Entries taken from a collection:
******************************

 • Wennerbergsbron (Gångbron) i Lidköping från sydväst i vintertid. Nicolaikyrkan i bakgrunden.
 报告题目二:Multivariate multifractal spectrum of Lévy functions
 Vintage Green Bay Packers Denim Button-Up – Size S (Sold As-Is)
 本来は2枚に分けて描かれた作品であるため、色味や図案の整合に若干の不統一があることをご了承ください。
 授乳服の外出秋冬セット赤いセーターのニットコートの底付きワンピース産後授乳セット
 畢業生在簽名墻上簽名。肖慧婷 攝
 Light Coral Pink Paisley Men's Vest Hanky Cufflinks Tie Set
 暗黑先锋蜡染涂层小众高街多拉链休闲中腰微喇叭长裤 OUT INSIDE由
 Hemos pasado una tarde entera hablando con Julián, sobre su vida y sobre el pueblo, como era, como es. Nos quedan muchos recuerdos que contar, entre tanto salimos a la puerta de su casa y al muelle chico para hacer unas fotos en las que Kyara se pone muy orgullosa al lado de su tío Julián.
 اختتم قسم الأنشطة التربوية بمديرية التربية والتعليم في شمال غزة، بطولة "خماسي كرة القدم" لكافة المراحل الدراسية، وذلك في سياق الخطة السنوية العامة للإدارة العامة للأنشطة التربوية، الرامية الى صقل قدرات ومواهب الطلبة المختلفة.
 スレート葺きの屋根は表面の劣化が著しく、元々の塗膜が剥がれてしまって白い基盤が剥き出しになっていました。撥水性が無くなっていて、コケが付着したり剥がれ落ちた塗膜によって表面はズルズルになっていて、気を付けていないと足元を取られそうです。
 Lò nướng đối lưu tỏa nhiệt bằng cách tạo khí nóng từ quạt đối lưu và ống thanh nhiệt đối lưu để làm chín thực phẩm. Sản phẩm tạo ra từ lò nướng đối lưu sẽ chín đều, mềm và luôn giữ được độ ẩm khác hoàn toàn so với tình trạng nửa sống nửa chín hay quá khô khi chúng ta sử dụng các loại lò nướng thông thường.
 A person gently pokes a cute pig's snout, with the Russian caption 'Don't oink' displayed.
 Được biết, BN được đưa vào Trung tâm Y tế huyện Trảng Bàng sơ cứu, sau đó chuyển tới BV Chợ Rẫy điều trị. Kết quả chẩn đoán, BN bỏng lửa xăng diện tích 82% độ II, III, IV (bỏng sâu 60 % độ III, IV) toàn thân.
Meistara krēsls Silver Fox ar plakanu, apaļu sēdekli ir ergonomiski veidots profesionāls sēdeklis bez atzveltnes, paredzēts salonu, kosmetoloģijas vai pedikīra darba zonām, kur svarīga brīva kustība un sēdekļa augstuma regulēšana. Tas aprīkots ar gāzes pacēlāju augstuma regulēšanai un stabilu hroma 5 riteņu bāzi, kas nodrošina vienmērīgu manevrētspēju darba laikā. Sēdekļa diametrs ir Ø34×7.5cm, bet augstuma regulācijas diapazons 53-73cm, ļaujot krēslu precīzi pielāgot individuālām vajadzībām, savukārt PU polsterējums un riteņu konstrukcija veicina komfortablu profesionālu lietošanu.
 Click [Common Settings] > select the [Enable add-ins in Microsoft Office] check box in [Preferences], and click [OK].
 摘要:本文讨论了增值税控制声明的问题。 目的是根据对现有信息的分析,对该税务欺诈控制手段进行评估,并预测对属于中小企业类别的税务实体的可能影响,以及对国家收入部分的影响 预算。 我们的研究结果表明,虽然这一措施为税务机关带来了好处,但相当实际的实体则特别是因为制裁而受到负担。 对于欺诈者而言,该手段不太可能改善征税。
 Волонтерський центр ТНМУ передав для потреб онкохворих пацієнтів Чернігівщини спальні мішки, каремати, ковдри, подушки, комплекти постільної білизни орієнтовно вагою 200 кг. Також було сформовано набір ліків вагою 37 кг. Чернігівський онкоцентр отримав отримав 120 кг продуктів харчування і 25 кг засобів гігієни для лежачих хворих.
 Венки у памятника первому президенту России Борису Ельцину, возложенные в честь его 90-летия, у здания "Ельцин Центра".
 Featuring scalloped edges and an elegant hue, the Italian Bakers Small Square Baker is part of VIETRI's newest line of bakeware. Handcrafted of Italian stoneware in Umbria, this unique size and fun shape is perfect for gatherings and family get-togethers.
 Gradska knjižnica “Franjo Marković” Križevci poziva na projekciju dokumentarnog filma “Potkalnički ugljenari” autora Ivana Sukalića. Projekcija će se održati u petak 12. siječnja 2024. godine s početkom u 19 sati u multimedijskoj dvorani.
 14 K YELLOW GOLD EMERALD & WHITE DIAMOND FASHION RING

******************************

DIRECTIONS FOR THIS TASK: Repeat word for word the lines above that run from the line containing "报告题目二:Multivariate multifractal spectrum" through the line containing "スレート葺きの屋根は表面の劣", both ends included, and nothing else.

OUTPUT FOR THIS EXERCISE:
 报告题目二:Multivariate multifractal spectrum of Lévy functions
 Vintage Green Bay Packers Denim Button-Up – Size S (Sold As-Is)
 本来は2枚に分けて描かれた作品であるため、色味や図案の整合に若干の不統一があることをご了承ください。
 授乳服の外出秋冬セット赤いセーターのニットコートの底付きワンピース産後授乳セット
 畢業生在簽名墻上簽名。肖慧婷 攝
 Light Coral Pink Paisley Men's Vest Hanky Cufflinks Tie Set
 暗黑先锋蜡染涂层小众高街多拉链休闲中腰微喇叭长裤 OUT INSIDE由
 Hemos pasado una tarde entera hablando con Julián, sobre su vida y sobre el pueblo, como era, como es. Nos quedan muchos recuerdos que contar, entre tanto salimos a la puerta de su casa y al muelle chico para hacer unas fotos en las que Kyara se pone muy orgullosa al lado de su tío Julián.
 اختتم قسم الأنشطة التربوية بمديرية التربية والتعليم في شمال غزة، بطولة "خماسي كرة القدم" لكافة المراحل الدراسية، وذلك في سياق الخطة السنوية العامة للإدارة العامة للأنشطة التربوية، الرامية الى صقل قدرات ومواهب الطلبة المختلفة.
 スレート葺きの屋根は表面の劣化が著しく、元々の塗膜が剥がれてしまって白い基盤が剥き出しになっていました。撥水性が無くなっていて、コケが付着したり剥がれ落ちた塗膜によって表面はズルズルになっていて、気を付けていないと足元を取られそうです。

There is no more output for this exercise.